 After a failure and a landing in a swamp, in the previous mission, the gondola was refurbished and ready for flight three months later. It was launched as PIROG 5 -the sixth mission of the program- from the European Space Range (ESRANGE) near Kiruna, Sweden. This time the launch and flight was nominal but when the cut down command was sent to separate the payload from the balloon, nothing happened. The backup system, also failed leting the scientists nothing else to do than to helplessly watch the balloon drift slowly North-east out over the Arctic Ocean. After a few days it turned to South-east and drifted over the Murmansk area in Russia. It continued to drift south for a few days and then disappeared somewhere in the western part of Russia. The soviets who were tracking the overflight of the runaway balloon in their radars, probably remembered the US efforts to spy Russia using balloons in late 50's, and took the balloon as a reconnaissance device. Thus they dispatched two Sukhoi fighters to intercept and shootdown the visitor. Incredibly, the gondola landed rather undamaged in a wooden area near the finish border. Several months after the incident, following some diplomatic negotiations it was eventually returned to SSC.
^^^^^^^^
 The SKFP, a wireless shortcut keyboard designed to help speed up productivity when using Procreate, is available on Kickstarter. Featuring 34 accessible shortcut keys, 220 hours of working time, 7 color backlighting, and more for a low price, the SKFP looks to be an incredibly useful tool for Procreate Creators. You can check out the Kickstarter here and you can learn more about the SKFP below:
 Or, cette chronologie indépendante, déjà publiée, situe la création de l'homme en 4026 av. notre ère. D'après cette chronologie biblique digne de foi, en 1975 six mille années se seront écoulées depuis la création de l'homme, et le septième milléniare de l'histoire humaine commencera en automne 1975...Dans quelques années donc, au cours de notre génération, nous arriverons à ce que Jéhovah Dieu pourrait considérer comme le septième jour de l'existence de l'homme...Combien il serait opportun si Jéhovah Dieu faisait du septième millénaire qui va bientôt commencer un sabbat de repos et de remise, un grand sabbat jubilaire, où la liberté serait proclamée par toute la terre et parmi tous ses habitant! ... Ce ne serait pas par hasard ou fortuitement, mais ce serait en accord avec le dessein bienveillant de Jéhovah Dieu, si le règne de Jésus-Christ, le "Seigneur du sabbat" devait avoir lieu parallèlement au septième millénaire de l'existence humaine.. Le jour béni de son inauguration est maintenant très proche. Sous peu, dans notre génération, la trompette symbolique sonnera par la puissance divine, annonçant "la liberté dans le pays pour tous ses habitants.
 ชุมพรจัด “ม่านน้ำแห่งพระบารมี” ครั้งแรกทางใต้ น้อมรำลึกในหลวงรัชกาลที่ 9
^^^^^^^^
## What you will do
Looking at the data above, return every line from the one with "Or, cette chronologie" down to the one with "ครั้งแรกทางใต้ น้อมรำลึกในหลวงรัชกาลที่ 9", exactly and inclusively.

## Completed exercise
 Or, cette chronologie indépendante, déjà publiée, situe la création de l'homme en 4026 av. notre ère. D'après cette chronologie biblique digne de foi, en 1975 six mille années se seront écoulées depuis la création de l'homme, et le septième milléniare de l'histoire humaine commencera en automne 1975...Dans quelques années donc, au cours de notre génération, nous arriverons à ce que Jéhovah Dieu pourrait considérer comme le septième jour de l'existence de l'homme...Combien il serait opportun si Jéhovah Dieu faisait du septième millénaire qui va bientôt commencer un sabbat de repos et de remise, un grand sabbat jubilaire, où la liberté serait proclamée par toute la terre et parmi tous ses habitant! ... Ce ne serait pas par hasard ou fortuitement, mais ce serait en accord avec le dessein bienveillant de Jéhovah Dieu, si le règne de Jésus-Christ, le "Seigneur du sabbat" devait avoir lieu parallèlement au septième millénaire de l'existence humaine.. Le jour béni de son inauguration est maintenant très proche. Sous peu, dans notre génération, la trompette symbolique sonnera par la puissance divine, annonçant "la liberté dans le pays pour tous ses habitants.
 ชุมพรจัด “ม่านน้ำแห่งพระบารมี” ครั้งแรกทางใต้ น้อมรำลึกในหลวงรัชกาลที่ 9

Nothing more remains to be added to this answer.